Note that while, as noted, objects in general do not and cannot know what variables are bound to them, functions defined with def do have names in the __name__ attribute (the name used in def). Also if the functions are defined in the same module (as in your example) then globals() will contain a superset of the dictionary you want.
def fun1:
pass
def fun2:
pass
def fun3:
pass
fun_dict = {}
for f in [fun1, fun2, fun3]:
fun_dict[f.__name__] = f
Here's another way to think about it. Suppose there were a name() function that returned the name of its argument. Given the following code:
def f(a):
return a
b = "x"
c = b
d = f(c)
e = [f(b), f(c), f(d)]
What should name(e[2]) return, and why?
And the reason I want to have the name of the function is because I want to create fun_dict without writing the names of the functions twice, since that seems like a good way to create bugs.
For this purpose you have a wonderful getattr function, that allows you to get an object by known name. So you could do for example:
funcs.py:
def func1(): pass
def func2(): pass
main.py:
import funcs
option = command_line_option()
getattr(funcs, option)()
I know This is late answer.
To get func name , you can use func.__name__
To get the name of any python object that has no name or __name__ method. You can iterate over its module members.
Ex:.
# package.module1.py
obj = MyClass()
# package.module2.py
import importlib
def get_obj_name(obj):
mod = Obj.__module__ # This is necessary to
module = module = importlib.import_module(mod)
for name, o in module.__dict__.items():
if o == obj:
return name
Performance note: don't use it in large modules.
Variable names can be found in the globals() and locals() dicts.
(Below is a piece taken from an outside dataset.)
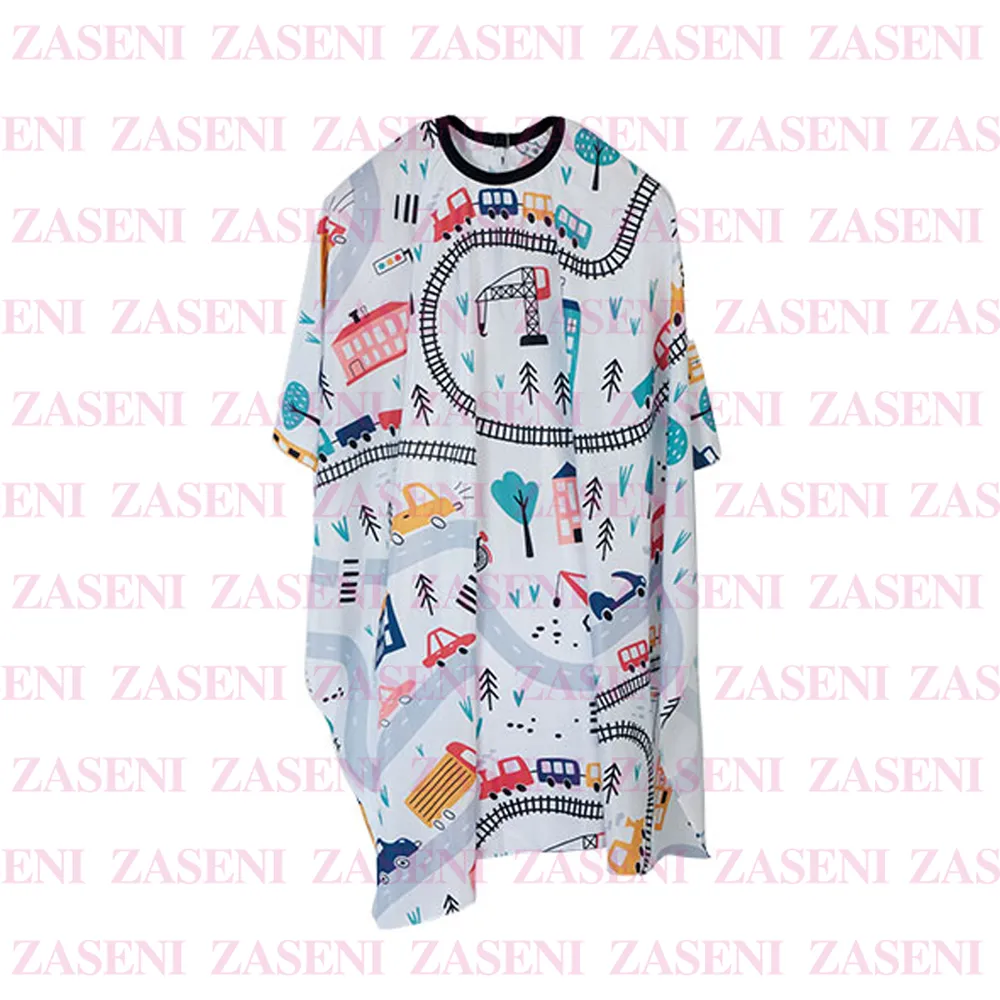 Capa con diseño infantil diseñada para proteger a los niños durante el corte de cabello evitando que les caigan los pelos encima para un trabajo limpio, cómodo y práctico.

But they won't give you what you're looking for above. "bla" will contain the value of each item of my_list, not the variable.
Generally when you are wanting to do something like this, you create a class to hold all of these functions and name them with some clear prefix cmd_ or the like. You then take the string from the command, and try to get that attribute from the class with the cmd_ prefixed to it. Now you only need to add a new function/method to the class, and it's available to your callers. And you can use the doc strings for automatically creating the help text.
As described in other answers, you may be able to do the same approach with globals() and regular functions in your module to more closely match what you asked for.
Something like this:
class Tasks:
def cmd_doit(self):
# do it here
func_name = parse_commandline()
try:
func = getattr('cmd_' + func_name, Tasks())
except AttributeError:
# bad command: exit or whatever
func()
I ran into this page while wondering the same question.
As others have noted, it's simple enough to just grab the __name__ attribute from a function in order to determine the name of the function. It's marginally trickier with objects that don't have a sane way to determine __name__, i.e. base/primitive objects like basestring instances, ints, longs, etc.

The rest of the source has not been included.